[Stored items]
··········

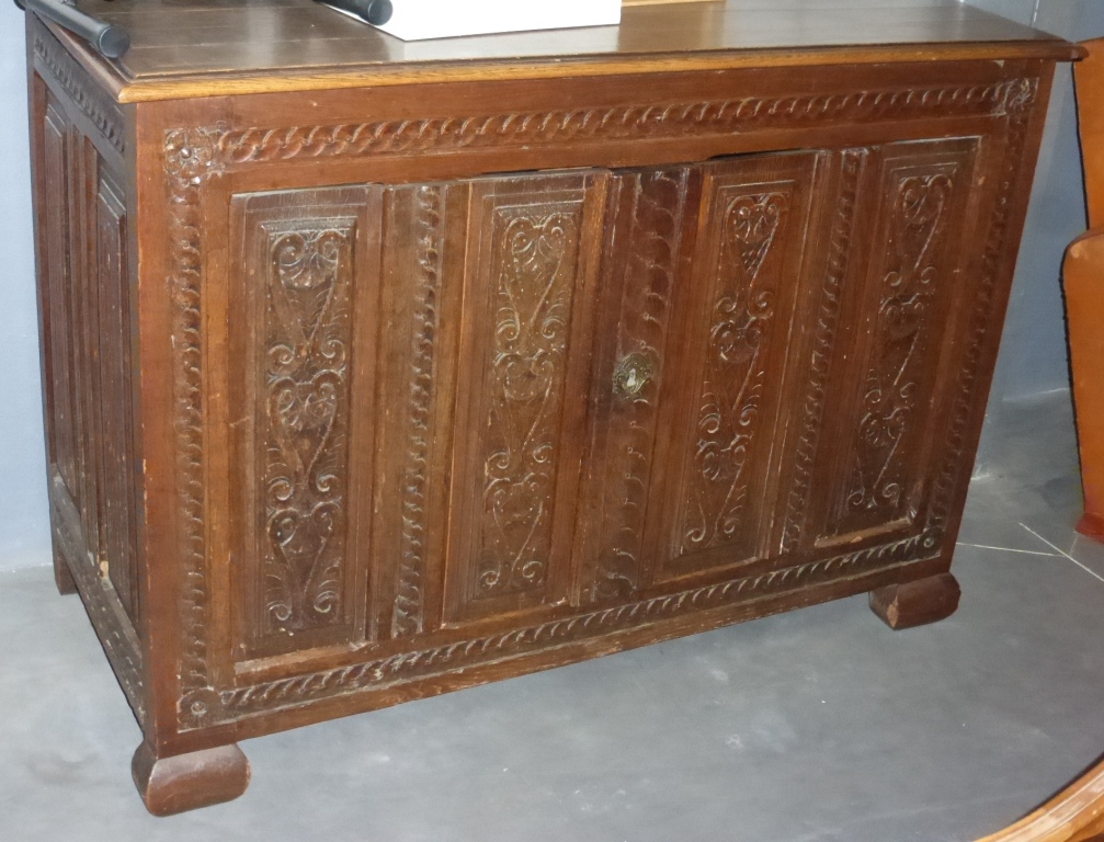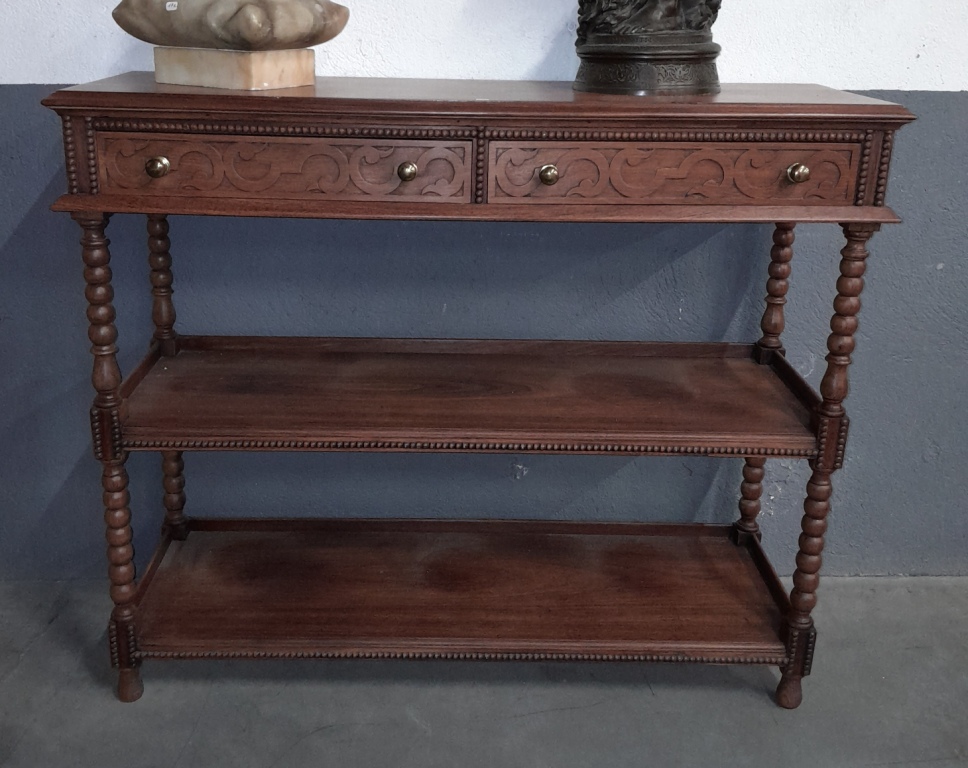 Desserte en bois sculpté ouvrant à deux tiroirs et deux tablettes d'entrejambe. Pieds tournés. Fin XIXe siècle. H. 99 L. 117 P. 37 cm
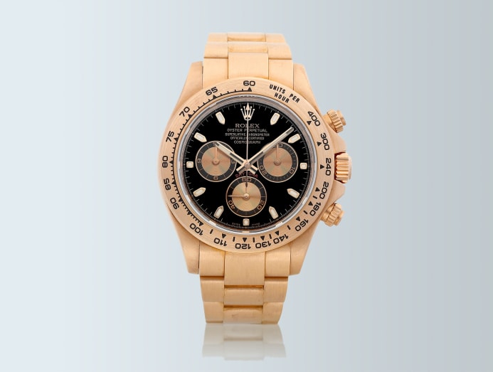 Among these are a Daytona Ref 116505 in Everose gold circa 2013 (US$26,000 to US$38,000), a Daytona Ref 116520 in stainless steel circa 2005 (US$13,000 to US$19,000), and a yellow gold Daytona Ref 16520 circa 1988 that has the curious feature of a suspended logo, where the “Cosmograph” name is printed just a little lower compared to the current editions. This piece has an estimate of US$41,000 to US$64,000.
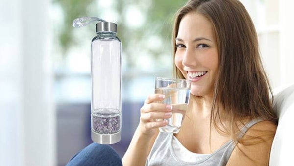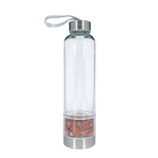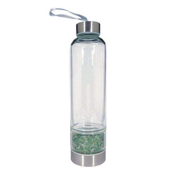 Die Edelsteine selbst kommen nicht mit dem Getränk in Berührung, sondern sind hygienisch geschützt im Glas eingeschlossen. Ein auslaufsicherer Verschluss und die schlanke Form sorgen für komfortables Tragen und zuverlässige Nutzung – perfekt für unterwegs und den täglichen Gebrauch.
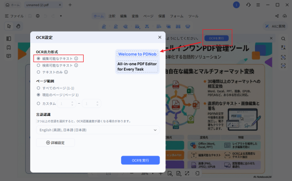 上部メニューの「OCRを実行」をクリックして文字認識を開始します。必要に応じてOCRモジュールをダウンロードします。その後、「編集可能なテキスト」モードを選択します。
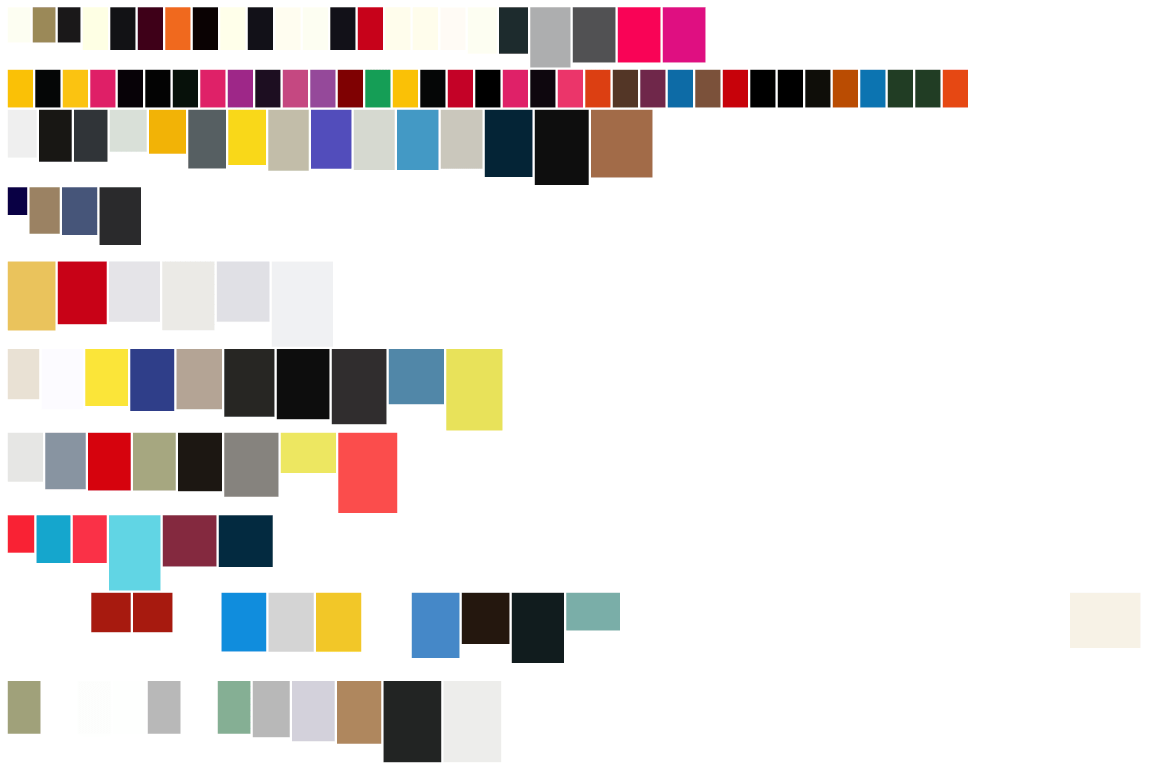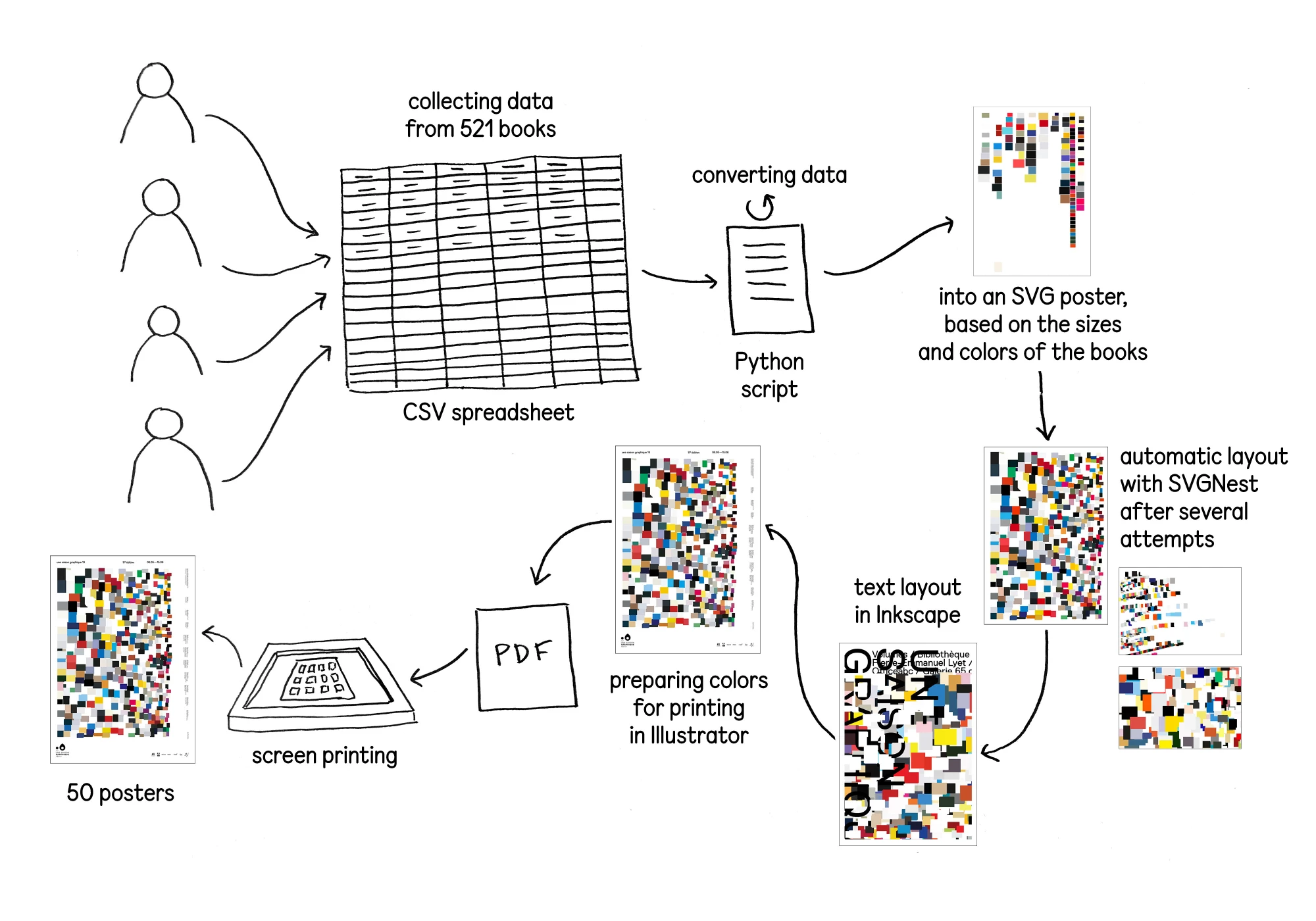 For the exhibition at the University Library, we chose to produce a poster that plays on the diversity of the books and showcases them all. A Python script was used to generate an SVG file of rectangles correctly sized and coloured according to the dominant colour of the cover.
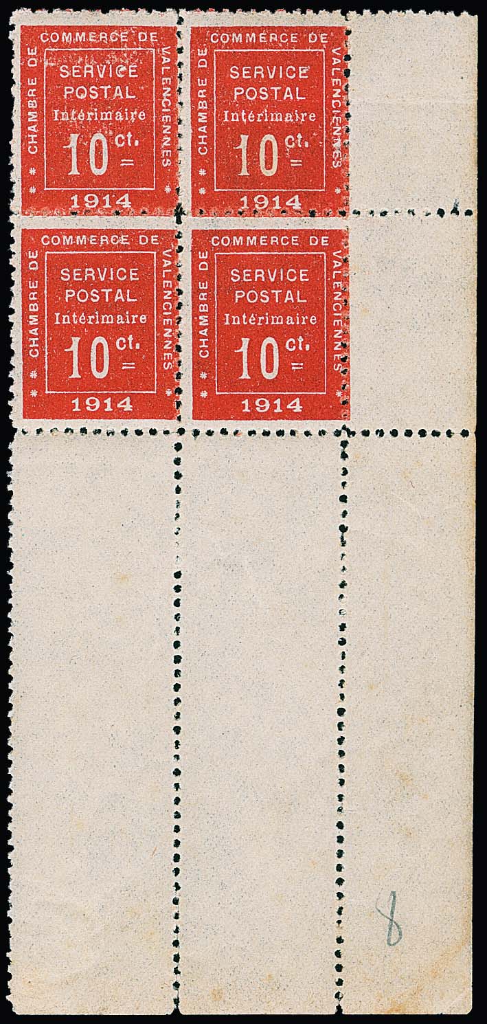 1914, Handelskammer Valenciennes, 10 C. rosa im postfrischen Viererblock aus der rechten unteren Bogenecke mit breiten Rändern. Seltene Einheit dieser lose schon gesuchten Marke. Mi. 5200,- ++
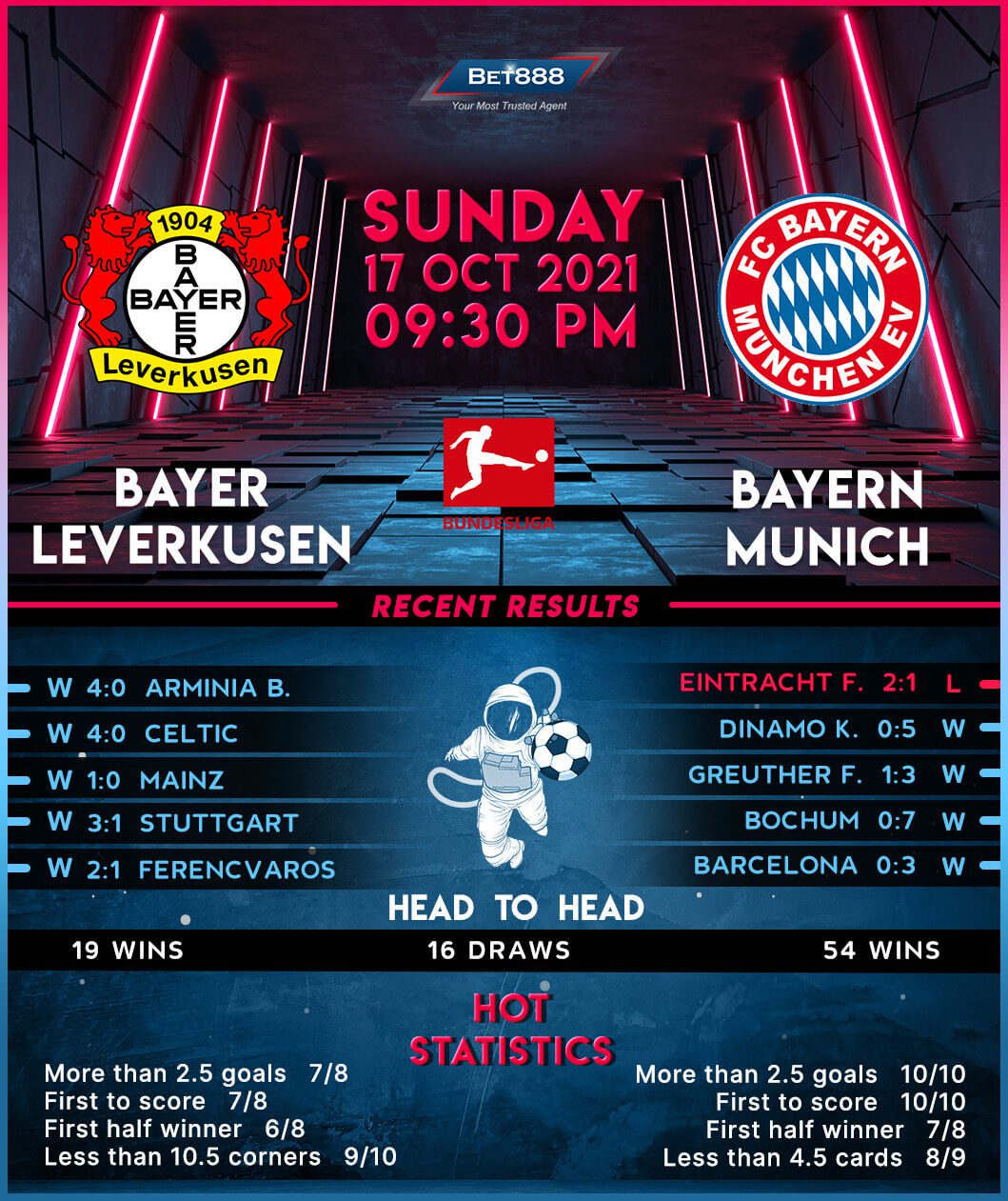 High-flying Leverkusen won five consecutive matches in all competitions, including the last two via an eye-catching 4-0 scoreline, before the international break stood in their way. In the Bundesliga alone, ‘Die Werkself’ have racked up a three-game winning streak since a 4-3 home defeat to Borussia Dortmund in mid-September, with a mere goal difference separating them from top-placed Bayern Munich ahead of the kick-off. After finding the net in every Bundesliga home outing since the start of February (W6, D2, L3), Leverkusen will be confident of troubling Bayern’s defense here, especially early on. In addition to breaking the deadlock in six of their seven top-flight fixtures this season (same as their opposition), the hosts have yet to trail at half-time this Bundesliga campaign.

··········

- [Work task]: Begin at the line in the entries above that has "Among these are", stop after the line that has "上部メニューの「OCRを実行", and output exactly those lines without pictures.

- [Solution]:
 Among these are a Daytona Ref 116505 in Everose gold circa 2013 (US$26,000 to US$38,000), a Daytona Ref 116520 in stainless steel circa 2005 (US$13,000 to US$19,000), and a yellow gold Daytona Ref 16520 circa 1988 that has the curious feature of a suspended logo, where the “Cosmograph” name is printed just a little lower compared to the current editions. This piece has an estimate of US$41,000 to US$64,000.
 Die Edelsteine selbst kommen nicht mit dem Getränk in Berührung, sondern sind hygienisch geschützt im Glas eingeschlossen. Ein auslaufsicherer Verschluss und die schlanke Form sorgen für komfortables Tragen und zuverlässige Nutzung – perfekt für unterwegs und den täglichen Gebrauch.
 上部メニューの「OCRを実行」をクリックして文字認識を開始します。必要に応じてOCRモジュールをダウンロードします。その後、「編集可能なテキスト」モードを選択します。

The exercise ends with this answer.